[[ Given data, beginning ]]

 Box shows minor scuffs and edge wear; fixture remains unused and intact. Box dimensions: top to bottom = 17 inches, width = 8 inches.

[[ Given data, end ]]
[[ Given data, beginning ]]

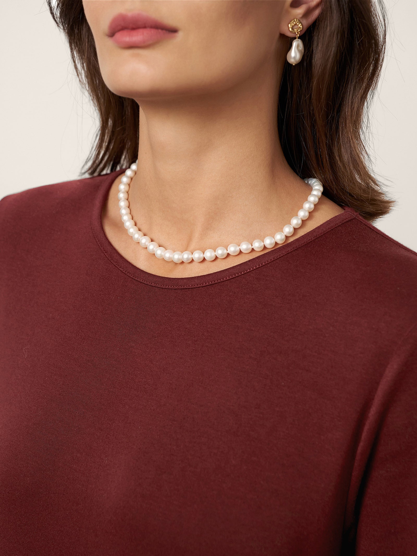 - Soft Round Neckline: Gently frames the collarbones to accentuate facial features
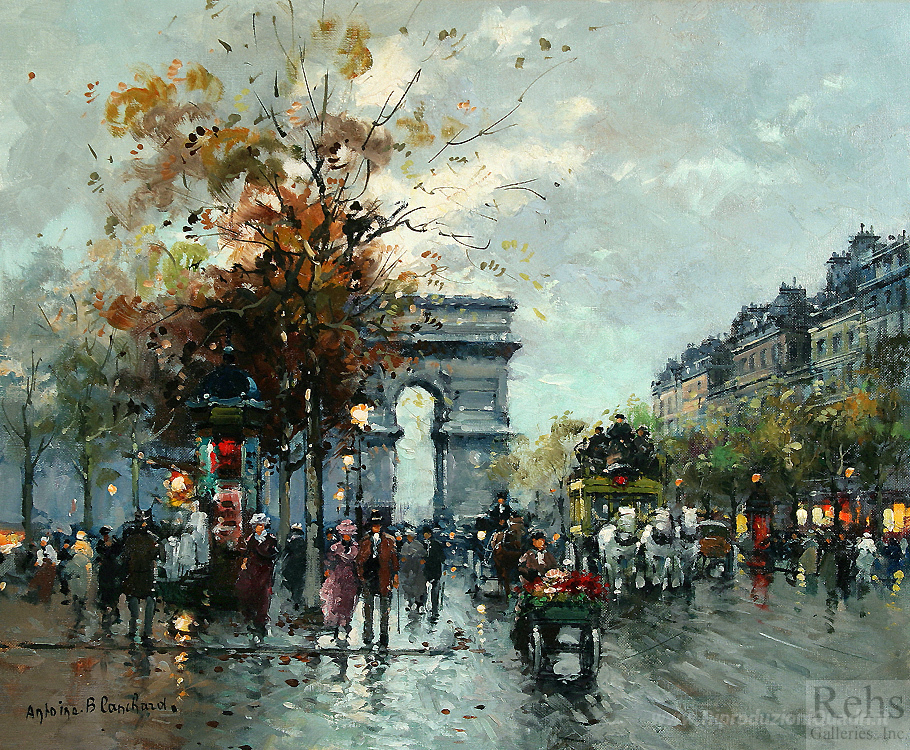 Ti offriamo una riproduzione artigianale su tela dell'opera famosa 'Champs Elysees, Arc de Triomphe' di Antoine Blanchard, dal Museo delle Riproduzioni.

[[ Given data, end ]]
[[ Given data, beginning ]]

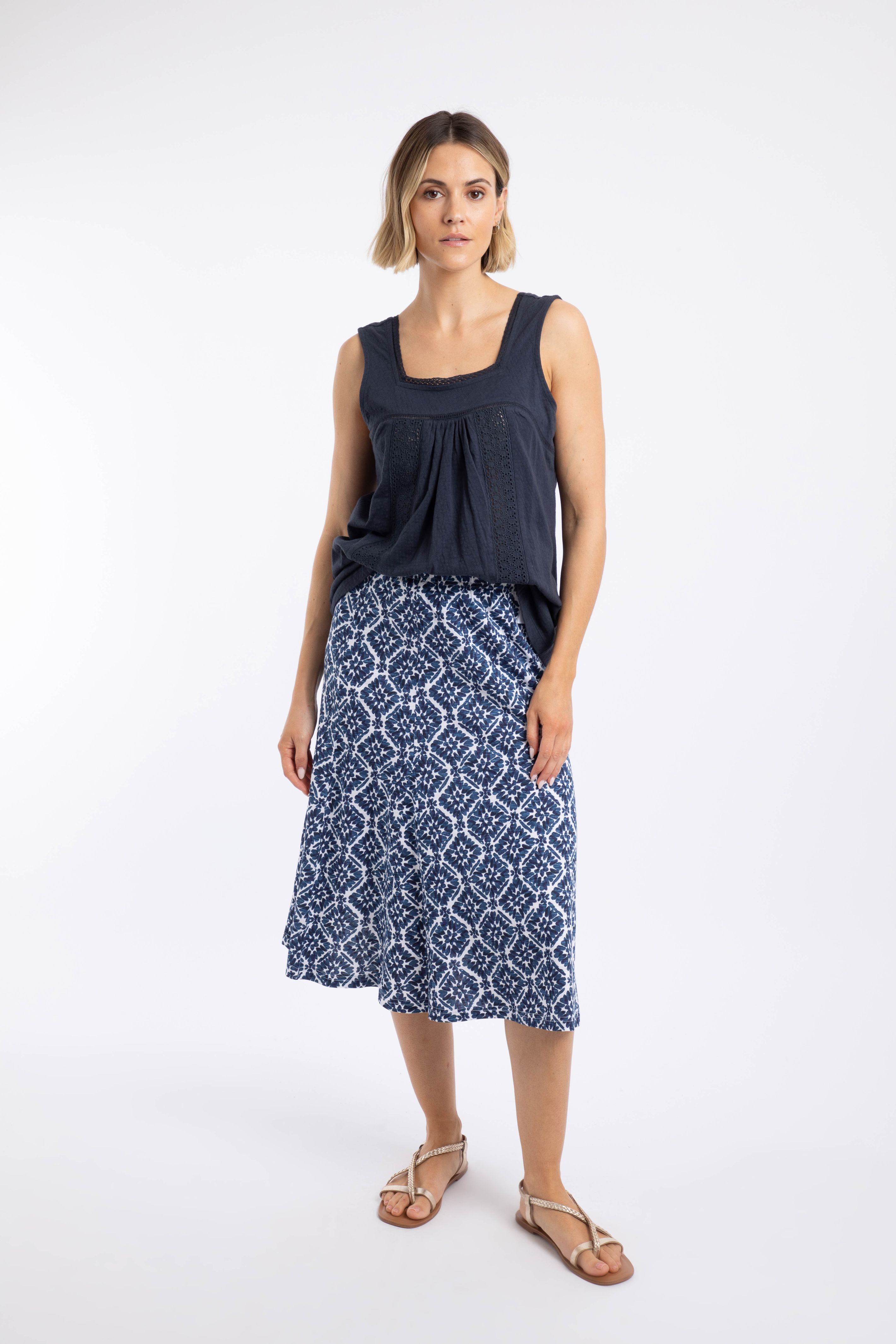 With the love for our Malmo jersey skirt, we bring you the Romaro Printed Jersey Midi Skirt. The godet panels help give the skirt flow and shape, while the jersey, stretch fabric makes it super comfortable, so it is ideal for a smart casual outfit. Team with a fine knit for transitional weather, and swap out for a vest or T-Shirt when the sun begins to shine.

[[ Given data, end ]]

§ Task to carry out: Return exactly the lines above, from the one with "- Soft Round" up to and including the one with "Ti offriamo una", and include no pictures.

§ Response to the task:
 - Soft Round Neckline: Gently frames the collarbones to accentuate facial features
 Ti offriamo una riproduzione artigianale su tela dell'opera famosa 'Champs Elysees, Arc de Triomphe' di Antoine Blanchard, dal Museo delle Riproduzioni.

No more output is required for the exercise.